Все наши вещи лежали в кабинете, и в конце урока мы пошли за ними. Выяснилось, что на экономике был только один ученик — самый прилежный мальчик в классе. Когда мы пришли, учительница сначала отреагировала как будто бы спокойно — закончила «лекцию», дала домашнее задание. А потом сказала: «Ну всё, ребята». И ушла, заперев нас в классе. Мы сидели очень долго — нам всем хотелось есть, было страшно и тревожно. Учительница позвонила нашей классной руководительнице, завучу и всем родителям. Она потребовала, чтобы все пришли в школу. Родители собирались несколько часов, и всё это время мы были заперты.

Потом нас стали вызывать по одному. Каждый, кого выводили из класса, больше не возвращался, так что мы не знали, что происходит. Телефоны были не у всех, мессенджерами мы ещё не пользовались, и поддерживать связь с теми, кого приглашали в коридор, не получалось.

Когда очередь дошла до меня, я вышла в коридор. Учительница пригласила меня в соседний класс. Там сидели все родители и завуч. Начался настоящий допрос. Его вела мама одного из учеников — кстати, юрист. Она спрашивала, кто подговорил нас прогулять урок и зачем мы это сделали. Грозилась, что если я не скажу, кто это сделал, то в итоге ответственной сделают меня. Учительница тоже участвовала — при родителях припоминала каждую мою оплошность ли опоздание. Когда я вышла из кабинета, я расплакалась.

Потом оказалось, что после допроса всех сажали в отдельное помещение — какую-то каморку возле лестницы. Несколько родителей сторожили, чтобы оттуда никто не ушёл. Когда я туда пришла, я увидела, что многие мои одноклассники тоже в слезах. Это был ужасный день, психологически всё это было тяжело. Было ощущение предательства из-за того, что наши родители все сидели в том кабинете, наблюдали за происходящим и не заступались. Но потом, когда нас отпустили, выяснилось, что из всего класса никто никого не сдал, не свалил ни на кого вину, несмотря на угрозы. Так что мне этот случай запомнился как наша победа над системой.

Аня

 В нашей школе когда мы переходили в восьмой класс, нас переводили в другое здание — к старшеклассникам. Ребята постарше сразу начинали знакомиться с новенькими девочками, просить номера телефонов, звать на свидания. Мне начал писать сообщения парень из девятого класса, он флиртовал со мной, но я не ответила взаимностью. Тогда он стал вести себя странно: начал писать моей однокласснице и выспрашивать про меня. Говорил ей, что знает, во сколько у нас кончаются уроки и где она живёт. Потом присылал мне скриншоты. Я блокировала его в соцсетях, он начинал писать в мессенджерах.

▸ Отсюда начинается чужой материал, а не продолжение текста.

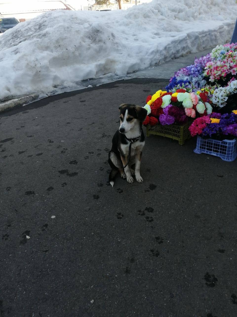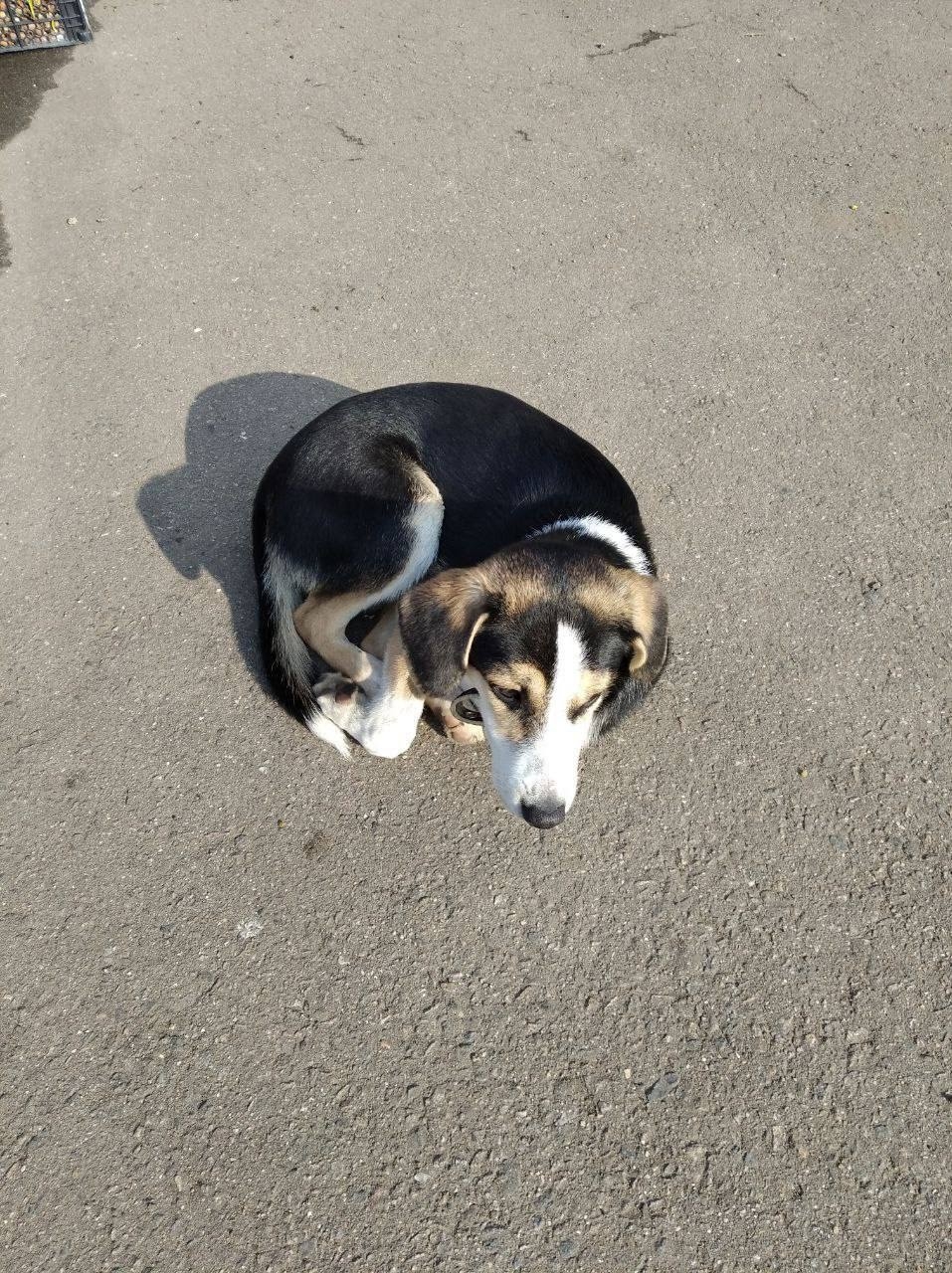 Найдена собака! ! Уже 3 день на улице в Михнево (Мо) бродит трехцветная некрупная собака. Очень ласковая, подходит ко всем людям, в ошейнике, на вид возраст мес 6-8.

У меня был приятель из одиннадцатого класса, я рассказала ему, что меня напрягает эта ситуация, и он попросил того мальчика прекратить пугать меня и моих одноклассниц. Но он снова начал мне писать: «Можешь сколько угодно подсылать ко мне своих парней, я каждый день ношу в школу нож». Всё это мне совсем не нравилось, я рассказала о ситуации своей классной руководительнице. Она сказала, что её этот вопрос не касается, и отправила меня к классной руководительнице этого парня. Я пошла к ней, и она сказала: «Я с этим разберусь».

Через несколько дней меня прямо с урока математики забрала завуч по воспитательной работе. Она сказала: «Пойдём к директору». Пока мы шли, она говорила: «Я знаю таких девочек, как ты. Меня не обманешь. Ты маленькая врушка, похлопаешь глазами перед старшеклассниками, и тебе всё сойдёт с рук». Мне было обидно, но в ответ я только улыбнулась — такая уж у меня защитная реакция. Моя улыбка разозлила её ещё больше.

У директора мне устроили очную ставку с этим мальчиком. Он говорил, что ничего не писал мне. У меня не было смартфона, и я не могла показать нашу переписку в соцсетях. В конце концов директор выслушала меня и отпустила. Она сказала: «Всё будет хорошо, этот мальчик просто влюбился в тебя, он больше не будет так делать». Но на этом проблемы только начались.

Завуч дружила с учительницей английского, и они вместе устроили мне травлю. Учительница перестала впускать меня в класс: то она говорила, что у меня слишком высокие каблуки, то юбка короткая, то волосы распущены. При этом к остальным девочкам у неё не было вопросов. Завуч, проходя по коридору, говорила мальчикам, с которыми я общалась: «Кто общался с этой девушкой — помойте руки». Ещё она говорила, что я — «общественное достояние». Слышать всё это было ужасно — я в том возрасте впервые поцеловалась с мальчиком, эти обвинения были мне непонятны. Я даже не знала, как рассказать о происходящем маме, мне было неловко.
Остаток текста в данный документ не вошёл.